_EXERCISE DESCRIPTION_. Make an exact copy of the records, dropping all pictures.

━━━━━ DATA FOR THE TASK ━━━━━

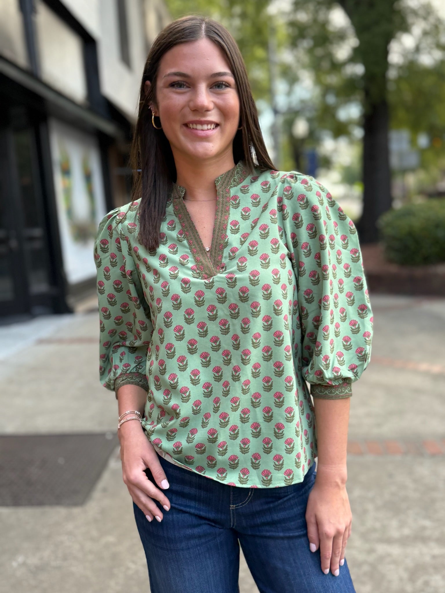 This minty-green blouse is a true day-brightener with its playful floral print and easy silhouette. The split neckline features a subtle embroidered trim that adds a polished touch, while the three-quarter sleeves with gathered cuffs keep it breezy and feminine. Effortlessly pair it with denim for a casual outing or dress it up with white trousers for a fresh, chic look. It’s the perfect blend of comfort and charm—your go-to top for workdays, weekends, and everything in between.
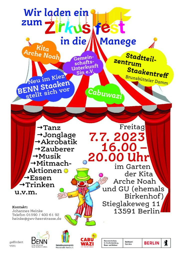 Auftakt von BENN beim Staakener Zirkusfest Freitag, 07.07.202316 – 20 Uhr Garten der Kita und der Gemeinschaftsunterkunft Stieglakeweg 11 / Spandauer Str. 2213591 Berlin Johannes Heinke 0159 040 061 92 benn-staaken@gwv-heerstrasse.de
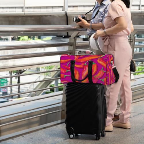Chili Peppers Print Sports Tote Gym Bag for Men & Women, Water Resistant Foldable Travel Duffel Bag, Lightweight Carry-On Weekender Overnight Bag for Workout Hospital 6
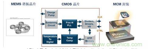 MEMS硅晶振由于采用全自動(dòng)化的半導(dǎo)體工藝,內(nèi)部?jī)蓚€(gè)晶片(一個(gè)是MEMS諧振晶片、一個(gè)是具有溫補(bǔ)功能的鎖相環(huán)CMOS電路)采用MCM封裝在一起。
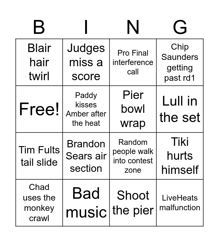 This bingo card has 16 words: Bad music, Tiki hurts himself, Pro Final interference call, Blair hair twirl, Tim Fults tail slide, Judges miss a score, Random people walk into contest zone, Shoot the pier, Free!, Paddy kisses Amber after the heat, Chad uses the monkey crawl, Chip Saunders getting past rd1, Brandon Sears air section, Lull in the set, Pier bowl wrap and LiveHeats malfunction.
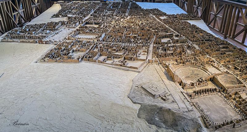 博物馆里有一个庞贝古城模型,展示现已挖掘出的古城部分。
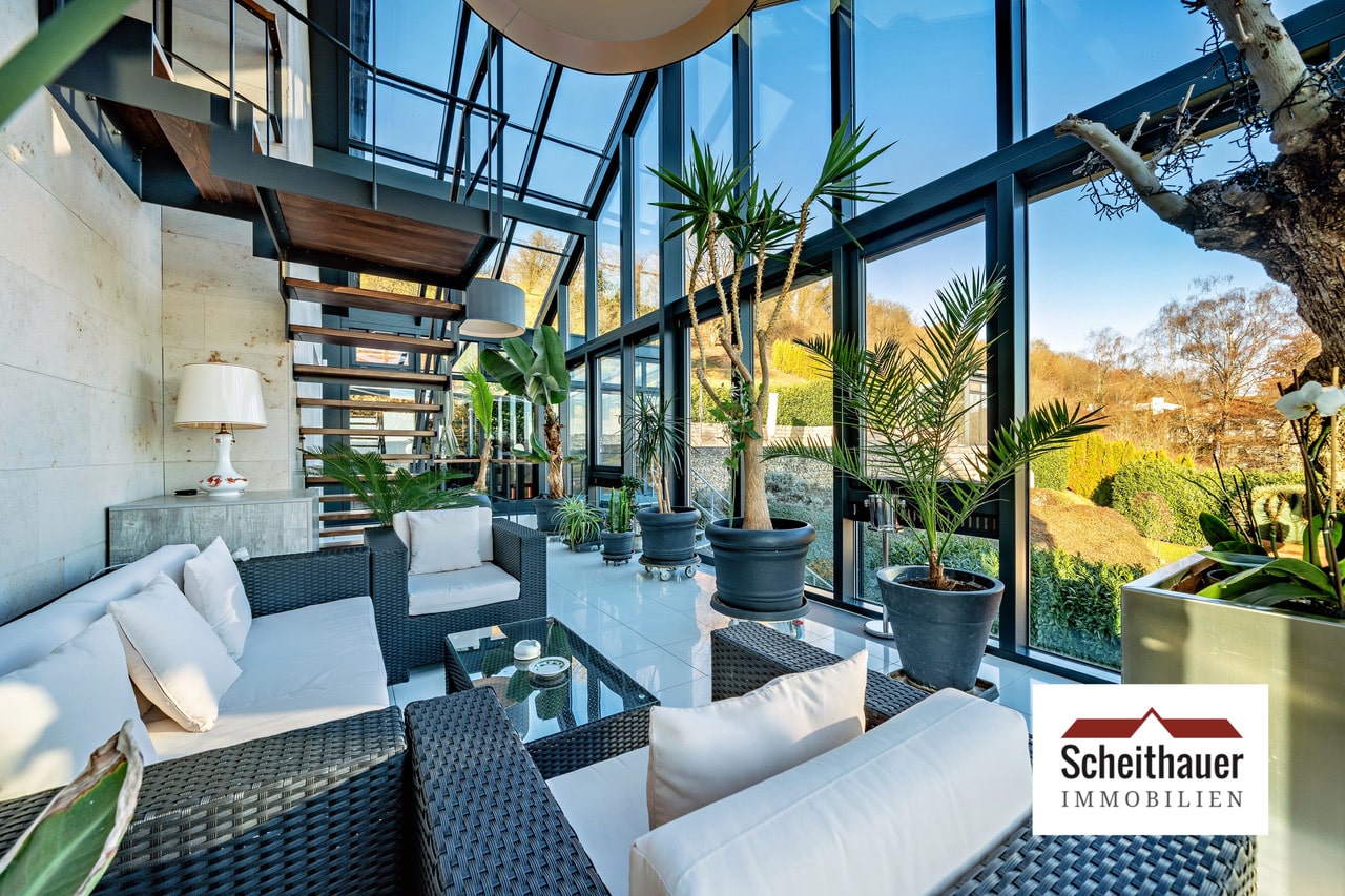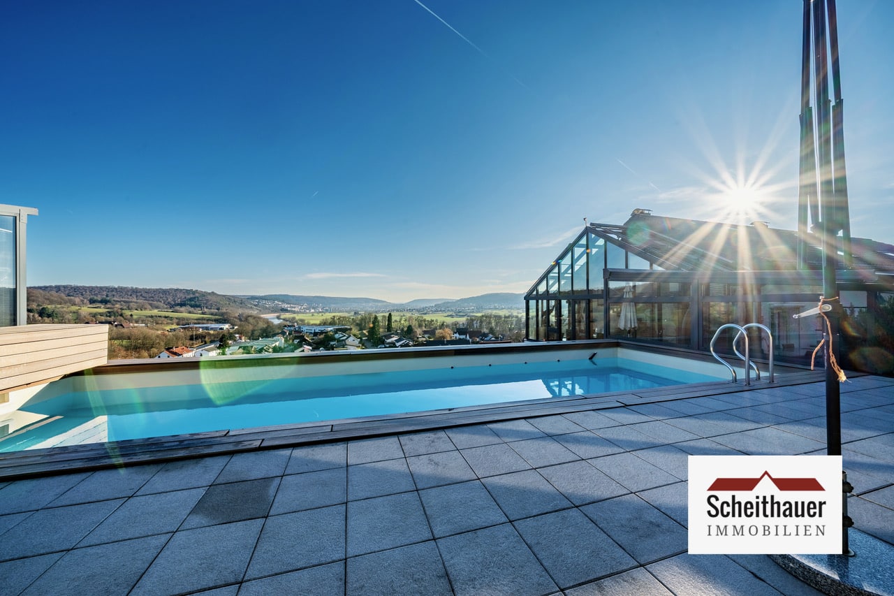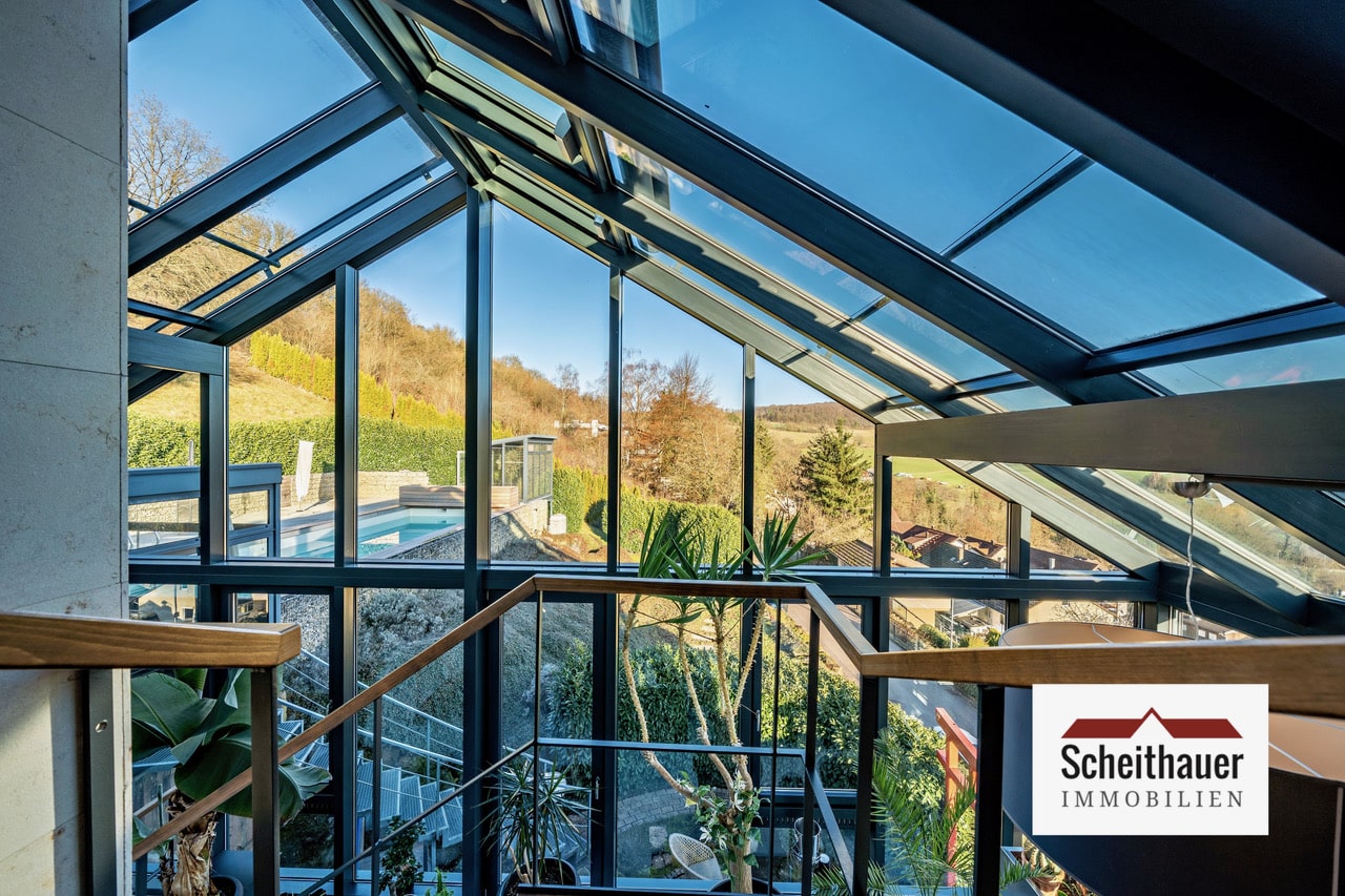 Ein besonderes Highlight ist der Infinity-Pool, der scheinbar mit der Landschaft verschmilzt und einen spektakulären Blick über das Neckartal freigibt. Die großzügige Terrasse rund um den Pool wird durch einen kleinen Wintergarten direkt am Pool ergänzt.
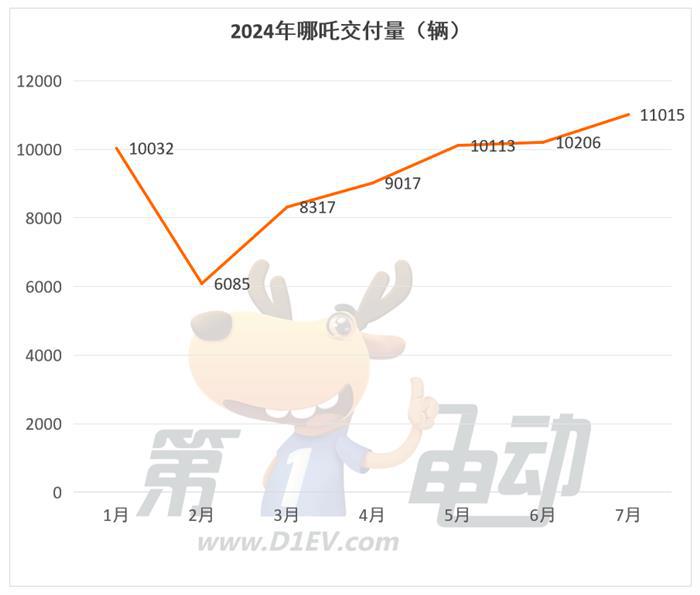 7月哪吒共交付11,015台,环比增长8%,今年1-7月累计销量64,785辆。旗下紧凑型SUV哪吒X在海外双国上市,其中泰国72小时订单突破1000台。
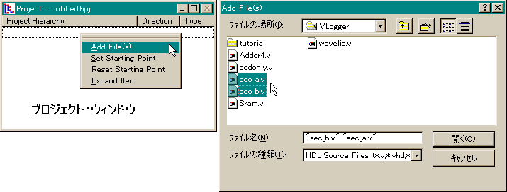 Projectウィンドウでマウスの右ボタンをクリックしてAdd File(s)メニュを起動した後,必要なソース・コードを選択します(図2).
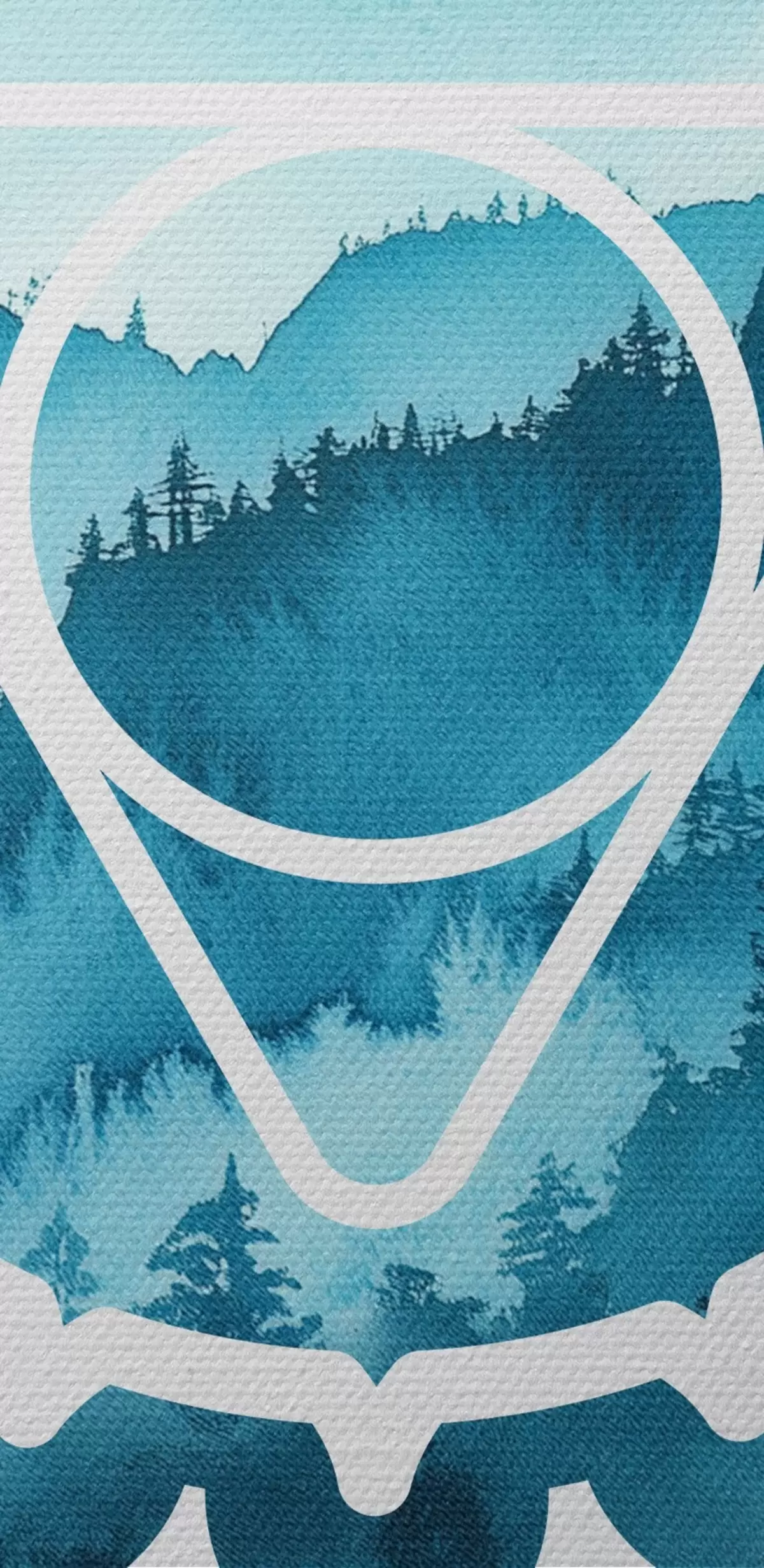 Peinture Vishuddha chakra, chakra bleu, ésotérique, méditation, bouddhisme, montagnes style aquarelle Art. s41884

━━━━━

_ANSWER TO THE PROBLEM_.
 This minty-green blouse is a true day-brightener with its playful floral print and easy silhouette. The split neckline features a subtle embroidered trim that adds a polished touch, while the three-quarter sleeves with gathered cuffs keep it breezy and feminine. Effortlessly pair it with denim for a casual outing or dress it up with white trousers for a fresh, chic look. It’s the perfect blend of comfort and charm—your go-to top for workdays, weekends, and everything in between.
 Auftakt von BENN beim Staakener Zirkusfest Freitag, 07.07.202316 – 20 Uhr Garten der Kita und der Gemeinschaftsunterkunft Stieglakeweg 11 / Spandauer Str. 2213591 Berlin Johannes Heinke 0159 040 061 92 benn-staaken@gwv-heerstrasse.de
Chili Peppers Print Sports Tote Gym Bag for Men & Women, Water Resistant Foldable Travel Duffel Bag, Lightweight Carry-On Weekender Overnight Bag for Workout Hospital 6
 MEMS硅晶振由于采用全自動(dòng)化的半導(dǎo)體工藝,內(nèi)部?jī)蓚€(gè)晶片(一個(gè)是MEMS諧振晶片、一個(gè)是具有溫補(bǔ)功能的鎖相環(huán)CMOS電路)采用MCM封裝在一起。
 This bingo card has 16 words: Bad music, Tiki hurts himself, Pro Final interference call, Blair hair twirl, Tim Fults tail slide, Judges miss a score, Random people walk into contest zone, Shoot the pier, Free!, Paddy kisses Amber after the heat, Chad uses the monkey crawl, Chip Saunders getting past rd1, Brandon Sears air section, Lull in the set, Pier bowl wrap and LiveHeats malfunction.
 博物馆里有一个庞贝古城模型,展示现已挖掘出的古城部分。
 Ein besonderes Highlight ist der Infinity-Pool, der scheinbar mit der Landschaft verschmilzt und einen spektakulären Blick über das Neckartal freigibt. Die großzügige Terrasse rund um den Pool wird durch einen kleinen Wintergarten direkt am Pool ergänzt.
 7月哪吒共交付11,015台,环比增长8%,今年1-7月累计销量64,785辆。旗下紧凑型SUV哪吒X在海外双国上市,其中泰国72小时订单突破1000台。
 Projectウィンドウでマウスの右ボタンをクリックしてAdd File(s)メニュを起動した後,必要なソース・コードを選択します(図2).
 Peinture Vishuddha chakra, chakra bleu, ésotérique, méditation, bouddhisme, montagnes style aquarelle Art. s41884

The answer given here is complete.